[AVAILABLE DATA]

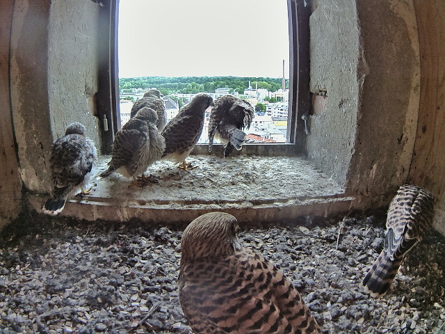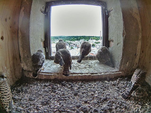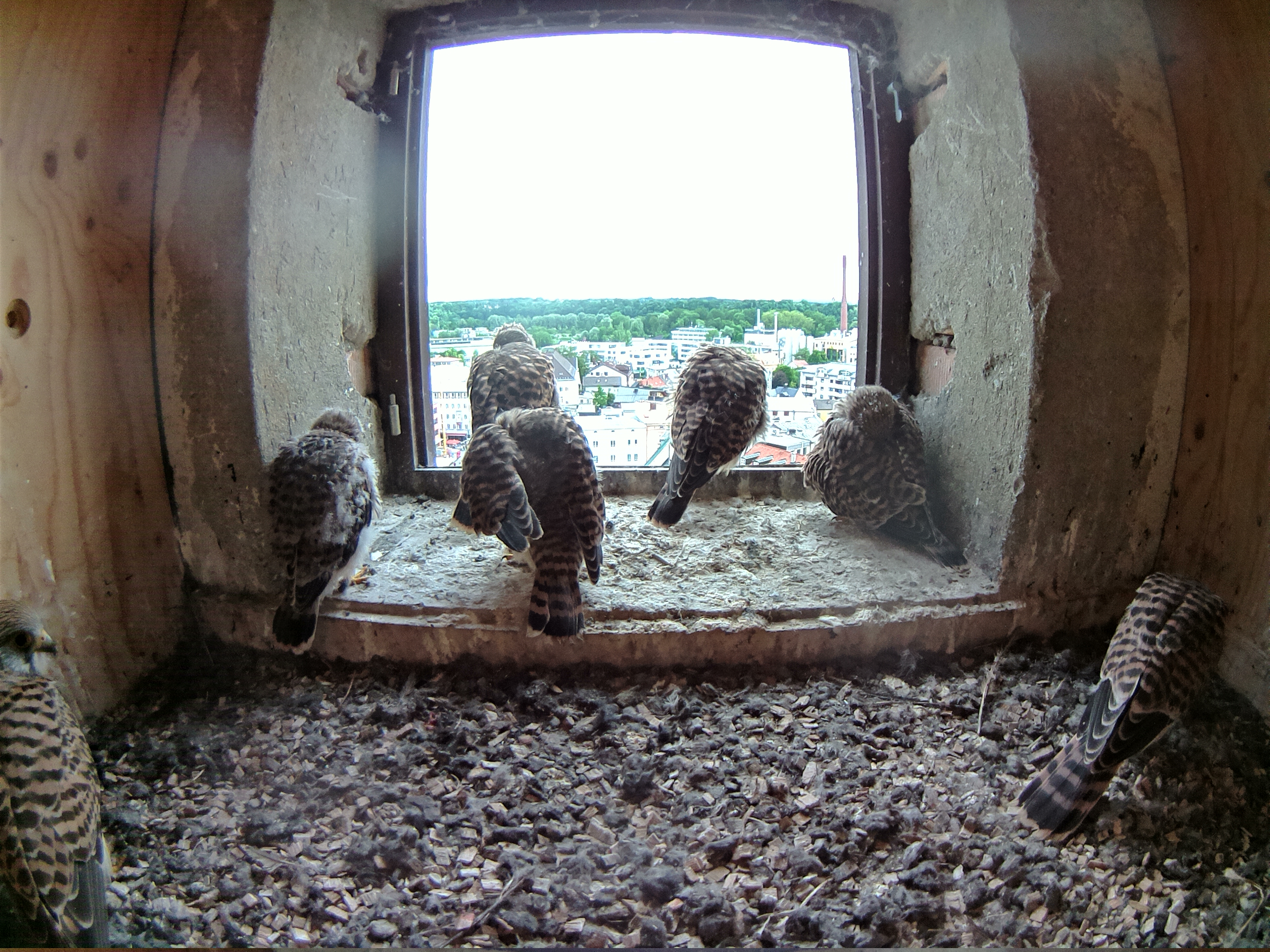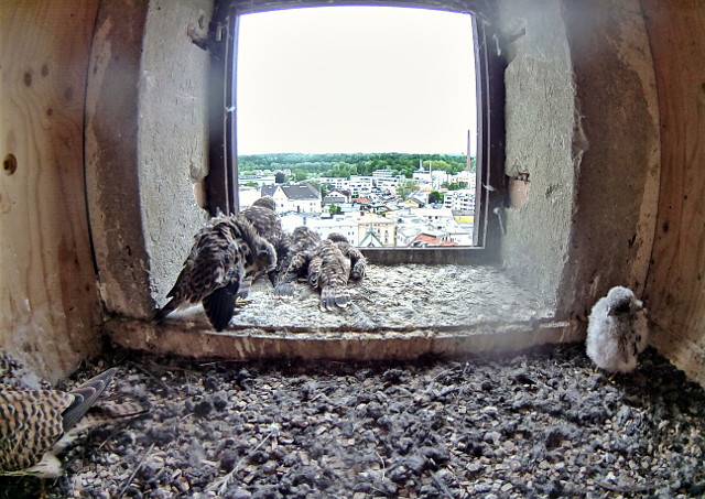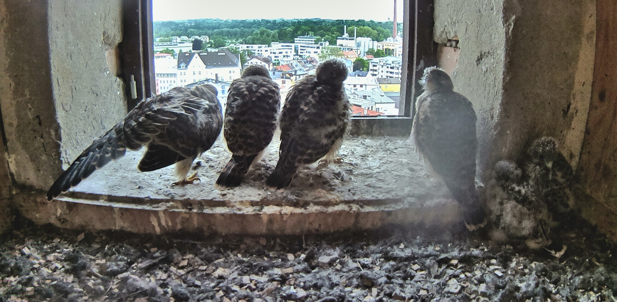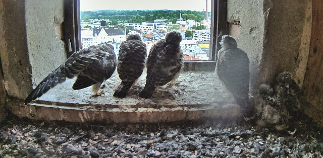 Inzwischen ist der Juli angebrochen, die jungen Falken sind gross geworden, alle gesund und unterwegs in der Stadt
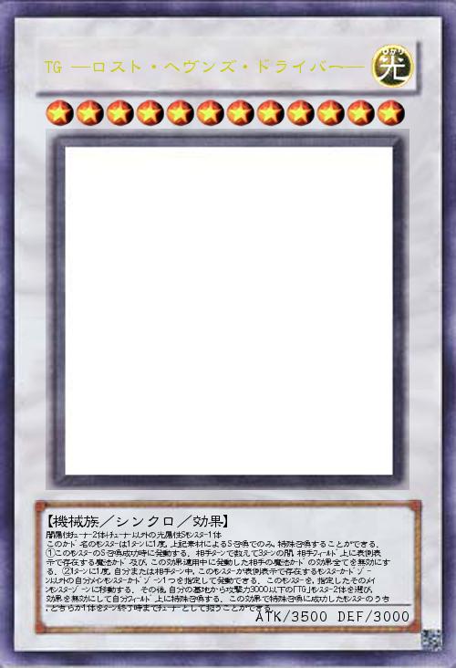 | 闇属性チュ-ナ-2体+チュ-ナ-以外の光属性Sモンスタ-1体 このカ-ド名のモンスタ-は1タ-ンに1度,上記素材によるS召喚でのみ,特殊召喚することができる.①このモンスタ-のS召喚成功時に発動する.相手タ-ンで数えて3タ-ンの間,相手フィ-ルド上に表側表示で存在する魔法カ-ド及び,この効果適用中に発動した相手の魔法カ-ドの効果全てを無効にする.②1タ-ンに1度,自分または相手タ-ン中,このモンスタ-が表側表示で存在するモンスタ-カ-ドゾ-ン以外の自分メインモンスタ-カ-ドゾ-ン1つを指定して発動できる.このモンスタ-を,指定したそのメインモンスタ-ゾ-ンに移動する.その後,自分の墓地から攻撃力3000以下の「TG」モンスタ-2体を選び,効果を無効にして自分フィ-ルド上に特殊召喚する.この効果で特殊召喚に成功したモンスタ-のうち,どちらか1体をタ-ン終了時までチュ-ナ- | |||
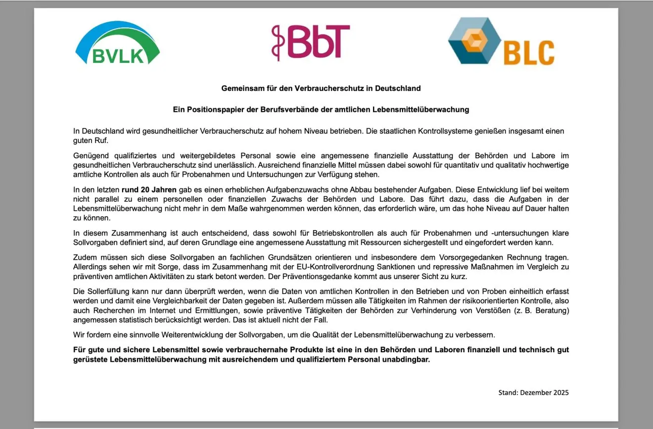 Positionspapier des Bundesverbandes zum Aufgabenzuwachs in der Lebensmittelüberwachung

[/AVAILABLE DATA]

**EXERCISE:**
From the first line to the last, retype the data exactly, without images.

**OUTPUT OF THE TASK:**
 Inzwischen ist der Juli angebrochen, die jungen Falken sind gross geworden, alle gesund und unterwegs in der Stadt
 | 闇属性チュ-ナ-2体+チュ-ナ-以外の光属性Sモンスタ-1体 このカ-ド名のモンスタ-は1タ-ンに1度,上記素材によるS召喚でのみ,特殊召喚することができる.①このモンスタ-のS召喚成功時に発動する.相手タ-ンで数えて3タ-ンの間,相手フィ-ルド上に表側表示で存在する魔法カ-ド及び,この効果適用中に発動した相手の魔法カ-ドの効果全てを無効にする.②1タ-ンに1度,自分または相手タ-ン中,このモンスタ-が表側表示で存在するモンスタ-カ-ドゾ-ン以外の自分メインモンスタ-カ-ドゾ-ン1つを指定して発動できる.このモンスタ-を,指定したそのメインモンスタ-ゾ-ンに移動する.その後,自分の墓地から攻撃力3000以下の「TG」モンスタ-2体を選び,効果を無効にして自分フィ-ルド上に特殊召喚する.この効果で特殊召喚に成功したモンスタ-のうち,どちらか1体をタ-ン終了時までチュ-ナ- | |||
 Positionspapier des Bundesverbandes zum Aufgabenzuwachs in der Lebensmittelüberwachung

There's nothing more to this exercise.